Di fronte alla crisi che attraversa il "villaggio globale", di fronte alla penuria di fiducia che si fa
strada in tanti a causa delle difficoltà del presente, un'iniezione di desiderio e di speranza ha il
valore  della  boccata  d'ossigeno  offerta  a  coloro  cui  sta  mancando  l'aria.  Lo  aveva  intuito  il
pensatore marxista Ernst Bloch, quando - nel tempo dell'ideologia trionfante, intravedendone già i
segnali di crisi - aveva puntato tutto su Il principio di speranza: «Solo con la liquidazione del
concetto di essere statico si apre la dimensione effettiva della speranza. II mondo è pieno di
disposizione nei confronti di qualcosa, di tendenza verso qualcosa, di latenza di qualcosa.» (vol. I,
23). I1 pensiero, insomma, afferra ciò che è già stato, ma il più gli è davanti in-compreso, «patria
intravista, ma non posseduta»: «In quel campo di problemi che è il "novum" è di per sé collocata la
pienezza di campi ancora vergini del sapere; il sapere mondano vi ridiventa giovane e originario»
(ib.). Verso questo "novum" si protende la «coscienza anticipante», disvelata nei «piccoli sogni a
occhi aperti», che fanno la vita. Ed è in questa coscienza anticipante che il "nuovo" viene a incidere
sul presente e ad aprirlo all'avvenire della speranza, rendendo ogni attesa passione per compimenti
futuri: «Ogni sogno resta sogno perché troppo poco ancora gli è riuscito, si è compiuto. Perciò esso
non può dimenticare ciò che resta, in tutte le cose mantiene la porta aperta.
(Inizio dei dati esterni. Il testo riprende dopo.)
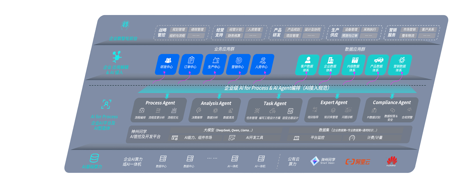 端到端的一站式AI工作空间深度融合了从企业战略规划到日常经营的全流程业务板块,,,,定向解决车企内部领域多、、、部门多、、、、链条长、、场景碎片化等难题,,支持车企快速构建以AI为核心的生产力写作体系,,,实现任务执行与AI能力的无缝集成与交互
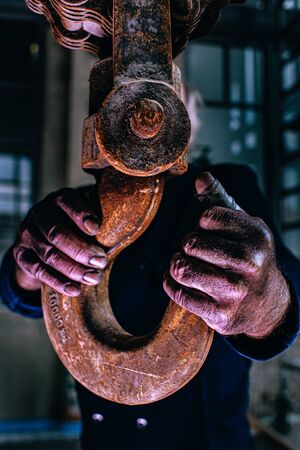 Workers hand with big industrial pulley hook

La porta almeno
semiaperta, quando sembra aprirsi su oggetti propizi, si chiama speranza» (I,390). Pensare nella
speranza non è solo allora pensare la speranza, ma restare desti nel sogno, anticipando l'avvenire e
costruendolo, pur senza mai raggiungere alcuna presuntuosa e ambigua estasi dell'adempimento,
come l'ideologia indulgeva a far credere.
Se merito di Bloch è stato l'aver fatto della speranza il principio del conoscere e dell'agire umano,
liberando il cor inquietum dalle secche dell'ideologia paralizzante, l'utopia che egli propone non
esce dalle limitate possibilità dell'umano: lo rilevava sin dall'inizio del suo dialogo con lui Jürgen
Moltmann, il teologo della speranza: «Il ricordo della promessa ... pungola come una spina nella
carne qualsiasi presente e lo apre al futuro... Appunto questa promissio inquieta impedisce che
l'esperienza umana del mondo diventi una completa e autosufficiente immagine cosmica della
divinità e fa sì, invece, che essa rimanga aperta alla storia» (Teologia della speranza, 85). Non è
l'esodo umano che "spiega" l'avvento divino e lo contiene in sé come latenza da disvelare: è
piuttosto l'avvento che, raggiungendo la storia, la apre al futuro e la rende nuova. «L'escatologia
cristiana parla di Cristo e del suo futuro. Il suo linguaggio è il linguaggio della promessa. Essa
intende la storia come la realtà inaugurata dalla promessa. Nella promessa e nella speranza presente,
il futuro della promessa, che non si è ancora realizzato, si trova in contraddizione con la realtà data. 
In questa contraddizione si fa l'esperienza della storicità del reale sulla linea del fronte che divide il
presente dal futuro che è stato promesso. La storia, con le sue estreme possibilità e pericoli, viene
rivelata nell'evento della risurrezione e della croce di Cristo» (229). Per Bloch - come per ogni
visione ideologica - il futuro della speranza non è che il nascosto presente del mondo, mentre la
speranza teologale è fondata nel sorprendente venire del Deus absconditus. Con le ideologie non si
esce dal dominio del soggetto storico: senza l'avvento dell'Altro, sovrano e trascendente, fattosi a
nostra misura per amore nostro, la speranza resta utopia, prigioniera delle proiezioni di ciò che è già
dato e non si apre alla novità ultima, di cui ha così profondamente bisogno l'uomo, specialmente
post-ideologico, per vivere e per morire.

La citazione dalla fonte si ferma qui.